Task item — Take the lines from the one with "校区にある梅宮大社には土俵が" to the end of the listing, both ends included, and quote them exactly, leaving pictures out.

Information shown —
#####

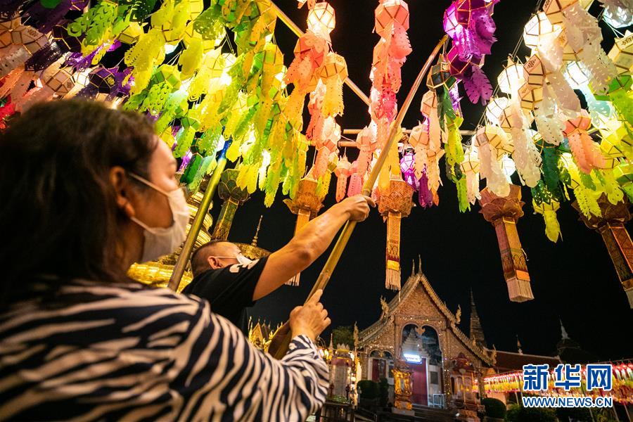 11月1日,人们在泰国南奔府哈利奔猜寺的灯会上将写有美好祝愿的灯笼挂起。 近日,泰国南奔府在哈利奔猜寺举办盛大灯会,十万盏灯笼将哈利奔猜寺点缀成了七彩缤纷的灯笼“海洋”。人们来到这里,将美好的祝愿写在灯笼上,并高高挂起,为新的一年祈福。 新华社记者 张可任 摄
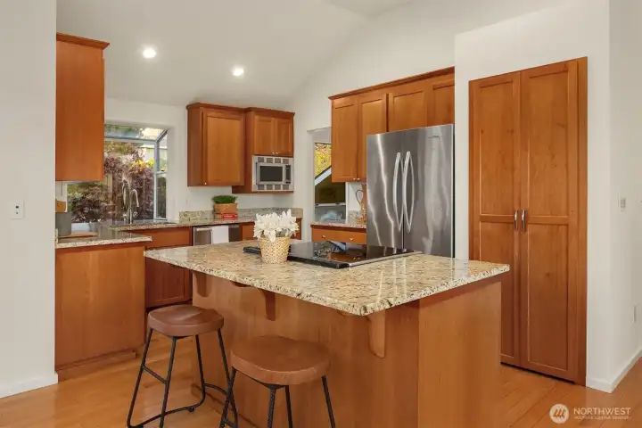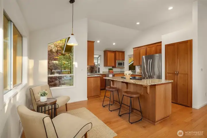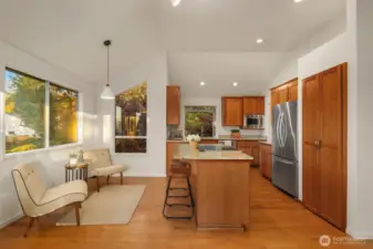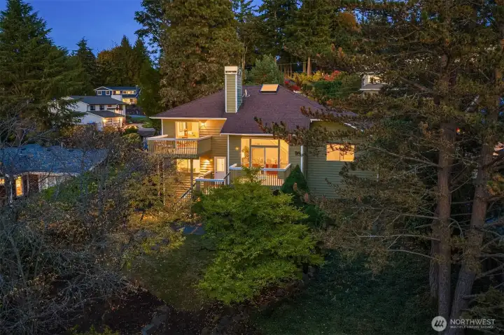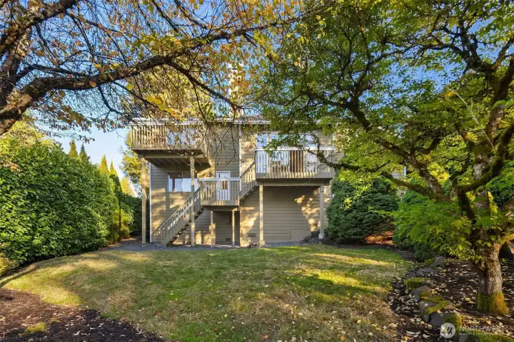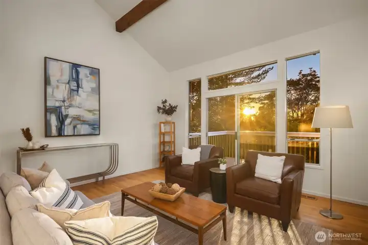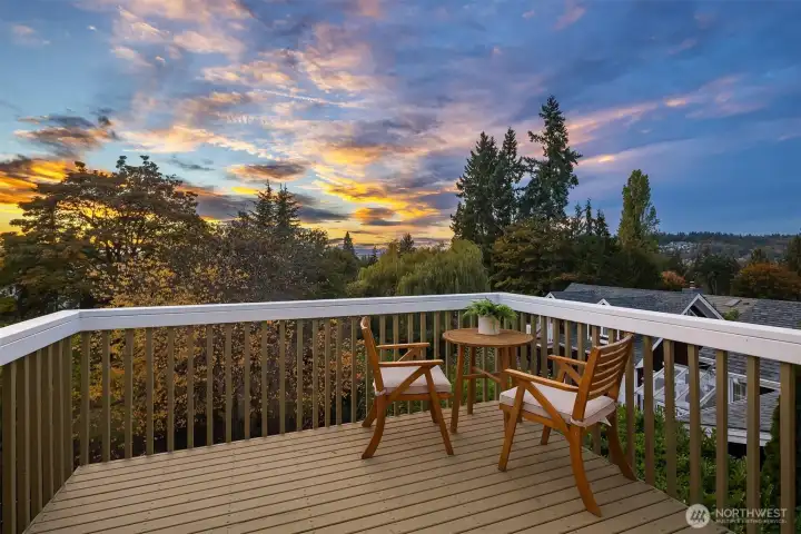 East of Market NW contemporary gem! Perfectly positioned on a sprawling 12,600 SF lot, at the end of a quiet dead-end street, this light-filled home offers stunning territorial views and incredible privacy. Inside, discover soaring vaulted ceilings, hardwood floors, and sun-drenched living spaces. Upon entering, you are greeted by the soaring ceilings and the cozy living room. Primary suite is on the main w/ en-suite bath & walk-in closet. On 2nd level the open floor plan seamlessly connects the living & dining rooms w/ an additional open-concept dining or flex space off the kitchen. Spacious kitchen w/ plenty of space to gather & host. 3 decks & large backyard - enjoy your space & privacy! Addt'l 500 SF of unfinished area below livingroom.
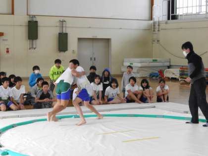校区にある梅宮大社には土俵があり,相撲大会も盛んに行われています。また嵐山で開かれる相撲大会に参加している人もいて,相撲に親しむ機会は結構たくさんあります。今回,4・5・6年生で相撲大会を行い,相撲に興味をもった人もいたのではないでしょうか。ぜひ,地域で行われる相撲大会にも参加してみてくださいね。
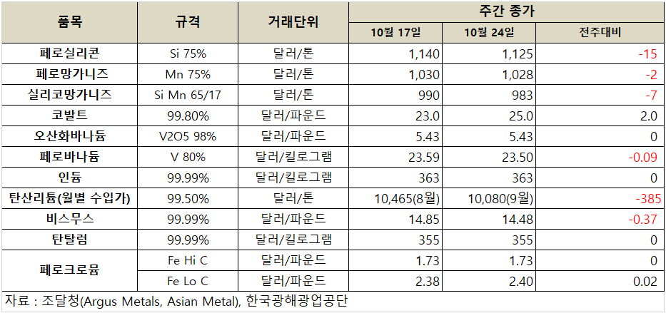 - ■ [표] 희유금속 가격 동향(10월 17일)

#####

The completed task —
校区にある梅宮大社には土俵があり,相撲大会も盛んに行われています。また嵐山で開かれる相撲大会に参加している人もいて,相撲に親しむ機会は結構たくさんあります。今回,4・5・6年生で相撲大会を行い,相撲に興味をもった人もいたのではないでしょうか。ぜひ,地域で行われる相撲大会にも参加してみてくださいね。
 - ■ [표] 희유금속 가격 동향(10월 17일)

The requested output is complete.